*Instructions to follow:*
Leaving out pictures, output exactly the lines below from the one that has "For comparison, here’s" through the one that has "Aliexpress has Car", and nothing else.

*Supplied material:*
"""

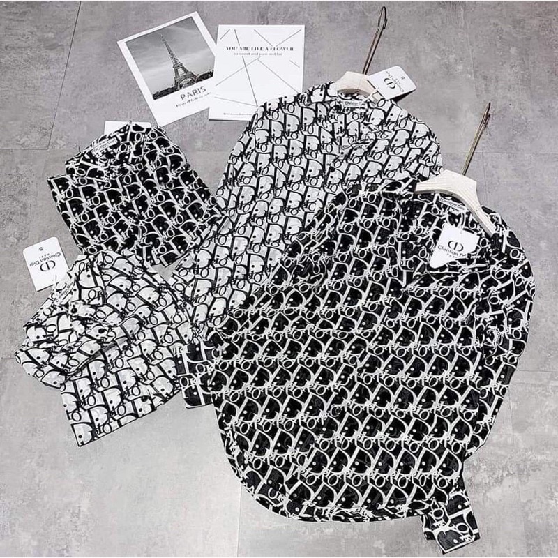 Áo sơ mi lụa hoạ tiết chữ D ior sang chảnh lụa tơ mềm mát cao cấp form rộng
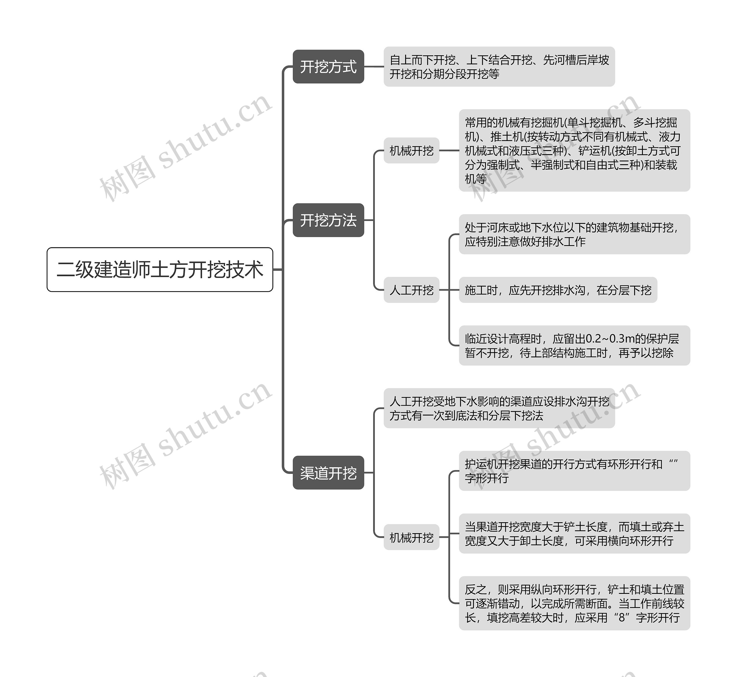 树图思维导图提供《二级建造师土方开挖技术思维导图》在线思维导图免费制作,点击“编辑”按钮,可对《二级建造师土方开挖技术思维导图》进行在线思维导图编辑,本思维导图属于思维导图模板主题,文件编号是:fef217090a151af9461ef1b342c10b41
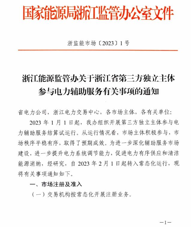2月1日,國家能源局浙江能源監(jiān)管辦發(fā)布了關(guān)于浙江省第三方獨(dú)立主體參與電力輔助服務(wù)有關(guān)事項(xiàng)的通知。
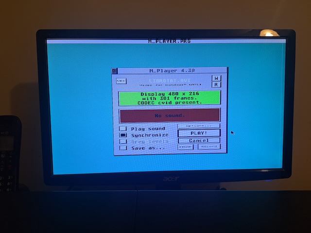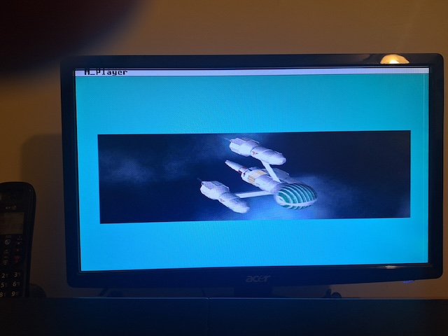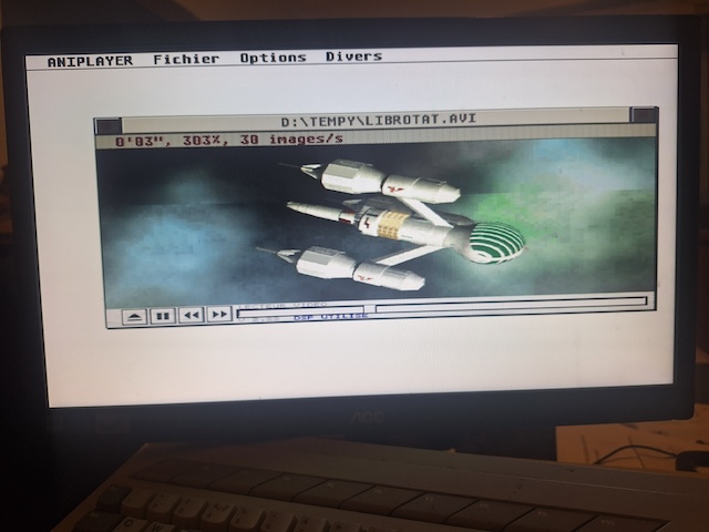 For comparison, here’s a photo I took of the same movie on Aniplayer and Centurbo 2 with the available 640 x 480 Truecolor mode there. This displays comfortably and animates convincingly, but check out the cpu usage! Wheezy or what?
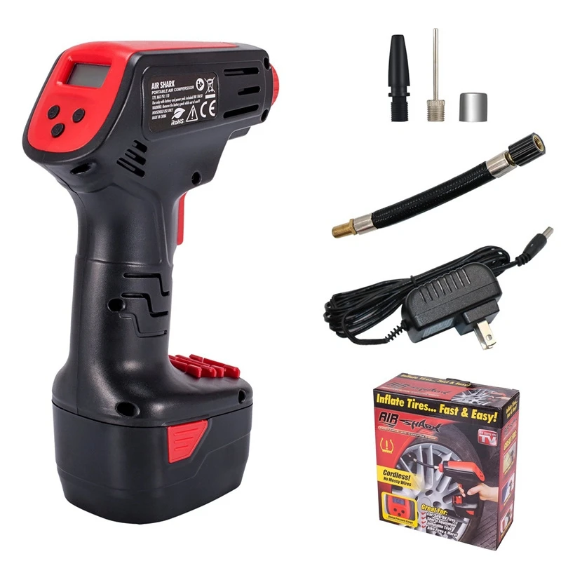 Aliexpress has Car Cordless Air Compressor DC 12V Rechargeable Electric Tyre Inflatable Pump Portable Digital Tire Inflator EU US Plug for just $57.50 shipped.
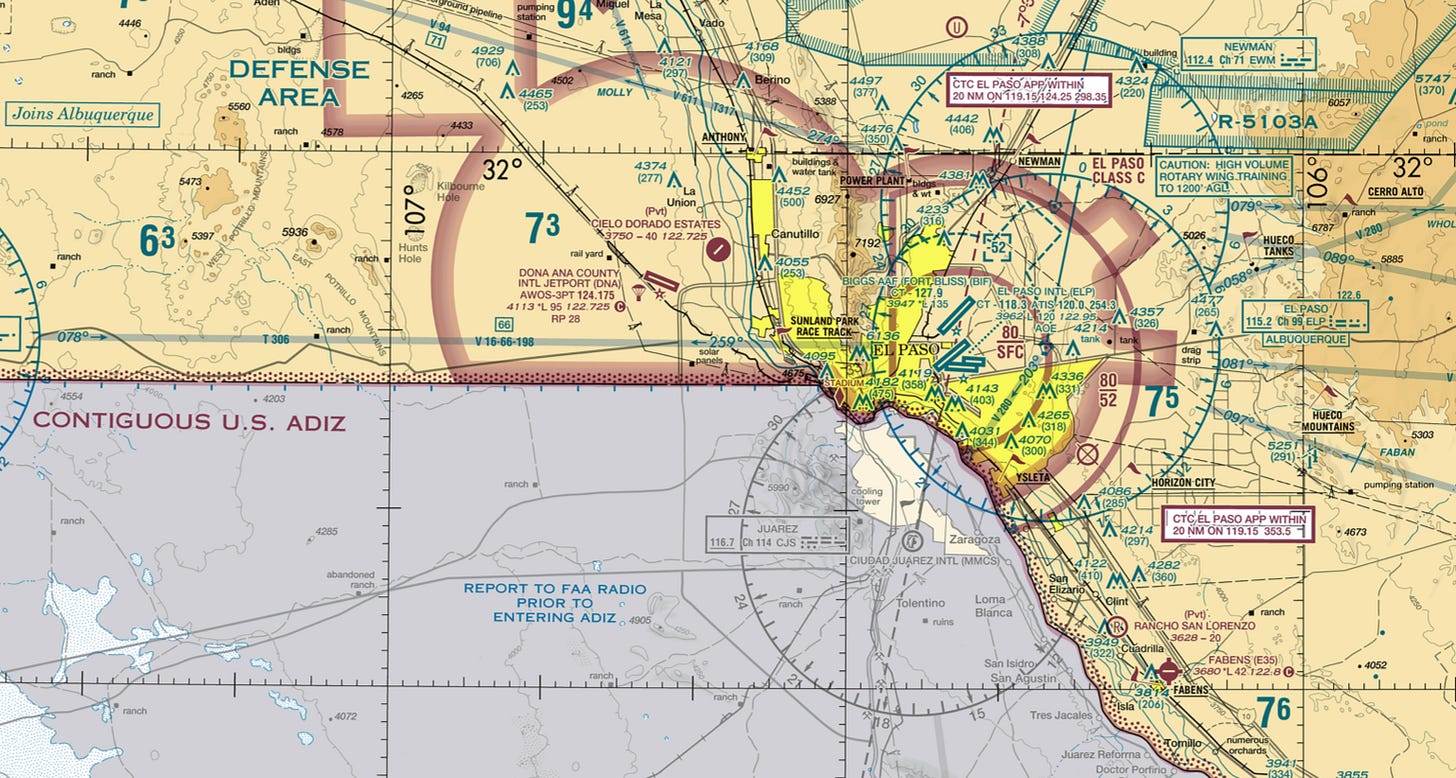 The F.A.A., without warning, shut down El Paso airspace, within 10 nautical miles of ELP airport, up to 18,000 feet. The notice said it’s for “Special Security Reasons,” which is not specified. The Temporary Flight Restriction (TFR) is from February 10, at 11:30pm until February 20, at 11:30pm. Ten days, no air traffic. No flights in or out, not even general aviation. This has never been done since 9/11, and even then the shutdown was not for 10 days.
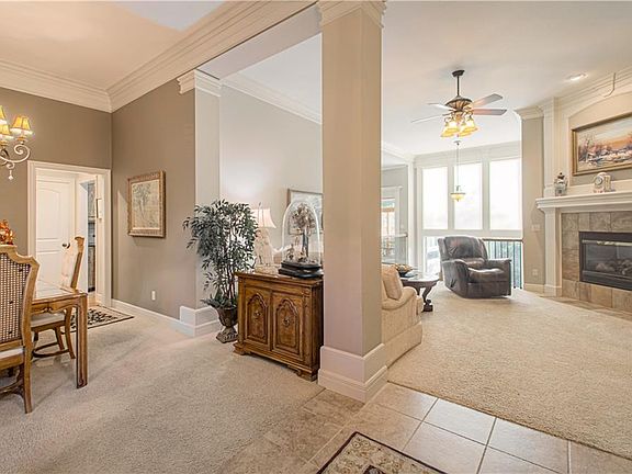 Beautiful Reverse 1.5 Story home in Heather Glen, Maintenance provided community on a cul-de-sac lot. Meticulously maintained!! Upon entering the home you'll be greeted with tall ceilings throughout the main level, 2 Story windows in the great room and stunning crown moulding throughout. In the kitchen you will find hard wood floors, custom cabinets with granite counters, a gas range. Stunning crown moulding throughout, plantation shutters on the windows, a true dining room and a breakfast area. The sellers have added an all seasons room with AC/Heat year round. The primary bedroom features separate owners closets, double vanity, toilet room, soaker tub and shower. The lower level features a recreation room with walk out to patio and yard, full bar, the third bedroom and full bathroom. Large unfinished area for ample amounts of storage. 3 car garage with epoxy flooring.
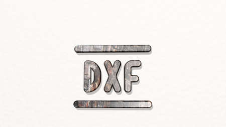 DESIGN DOCUMENT DXF from a perspective on the wall. A thick sculpture made of metallic materials of 3D rendering. illustration and background
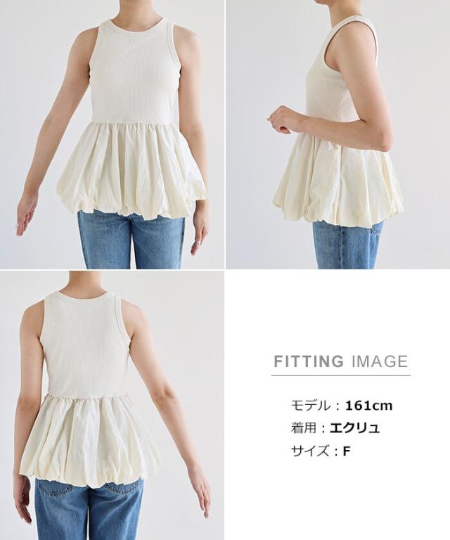 テレコリブ カップ付き ペプラム バルーン トップス
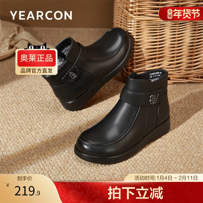 意尔康冬季妈妈老人棉鞋保暖真皮加绒皮鞋绒毛短靴女中老年平底防

"""

*Completed task:*
 For comparison, here’s a photo I took of the same movie on Aniplayer and Centurbo 2 with the available 640 x 480 Truecolor mode there. This displays comfortably and animates convincingly, but check out the cpu usage! Wheezy or what?
 Aliexpress has Car Cordless Air Compressor DC 12V Rechargeable Electric Tyre Inflatable Pump Portable Digital Tire Inflator EU US Plug for just $57.50 shipped.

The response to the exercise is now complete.